The Jesuit Guide To (Almost) Everything - James Martin [180]
That leads us to a second goal: finding God in all things. By now you’ve seen how everything can be a way to experience God. In the past chapters, we’ve talked about encountering God in prayer, worship, family, love, music, nature, decision making, working, living simply, friendship, even during times of suffering. In all things. And in all people. And we’ve talked about an easy way to jump-start that awareness, to help you find God in everything: the examen. The contemplative in action seeks God and seeks to find God in action.
That means that he or she sees the world in an incarnational way, a third definition. God dwells in real things, real places, and real people. Not just “up there” but “all around.” (Though I’m not denying that God is also “up there” in heaven, wherever or however that is.) For Christians, Jesus is the incarnation of God, but you don’t have to be Christian to have an incarnational worldview. The more you travel along the way of Ignatius, the more you see the incarnational God.
And the more you travel along the Ignatian way, the more you will want to go further. The more you experience God, the more you will want to experience God more. The more you know God, the more you will want to know God more.
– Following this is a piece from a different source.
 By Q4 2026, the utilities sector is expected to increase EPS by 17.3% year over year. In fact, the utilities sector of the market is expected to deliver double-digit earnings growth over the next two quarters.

To do this, you need to maintain a measure of detachment and freedom, a fourth goal. You desire freedom from anything that prevents you from following along the way. You want to free yourself from any excess baggage. You want, as Ignatius said, to be free of “disordered attachments.” And you have to be careful not to start down paths that will lead you away from God. As Ignatius would say, you have to “discern.”
So tying it all together, you could say this: Contemplatives in action seek to find God in all things by looking at the world in an incarnational way, and, in their quest, they realize their desire for freedom and detachment, which helps them move even closer to God. That’s probably a fair summary of Ignatian spirituality.
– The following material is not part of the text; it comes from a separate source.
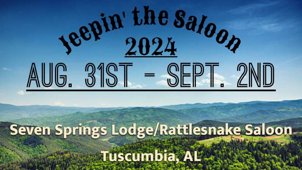Join us for 3 days of off-roading family friendly fun! We have over 3,000 acres of trails,vendors,live music,guided night/day rides, mud bog, bonfire night,recovery/preparedness seminar,camping,fireworks and so much more! With this being our 5th year we are going all out! There is so much to do at Jeepin' the Saloon. From miles of trails to the events, but the Seven Springs property has so much to offer . The natural beauty should also be seen. The wave rock, bald knob, the 3 sisters rock carving, waterfall, and bathing pool. You can pull off while on the trails and have a picnic with your family next to the creek that runs along some of the trails and through the property. If you get tired of driving you can always go on a relaxing hike you might possibly find the Indian shelters. We will have points of interest marked on the map. Take your kids up to the play ground to play. We have plenty of camping too! Jeepin' the Saloon is a great family friendly vacation for the Labor day weekend. Plus, you can have dinner or lunch in the cave at the famous Rattlesnake Saloon! The back roads ride this year will take you off property, to explore the surrounding area, including the ceder creek reservoir. ( where we do most of our fishing) Our family looks forward to seeing you and yours this year!

That’s been my experience, too.
In the past few chapters, I’ve offered some personal examples of God’s activity in my life, not because my life is more important than anyone else’s, or more spiritual, or even normative. Rather, it’s to show you that anyone can experience God if he or she moves along the path of Ignatius.
When I entered the Jesuit novitiate at twenty-seven, I had little experience of prayer. I couldn’t imagine that I would ever have a “personal relationship” with God. I couldn’t imagine that I would be free of some of the unhealthy patterns that had been with me since childhood. I couldn’t imagine walking along a new path. I couldn’t imagine a new path at all. I couldn’t imagine, in a word, change.
But God had already imagined it.
The path of Ignatius has invited me to continual growth, freedom, and movement toward becoming more aware, more loving, more authentic, and, “yes, alive,” to quote Carol. I’ve tried to show how this happened in ways that are personal, because that’s where God is usually most alive, in our most intimate selves, intimior intimo meo, nearer to me than I am to myself. If we allow it to happen, God can work that way in all of our lives, which is why I include some real-life stories from the Jesuit saints, Jesuits I’ve known (some of whom seemed like saints), and many other friends and companions, both men and women, whom I’ve met along the way of Ignatius.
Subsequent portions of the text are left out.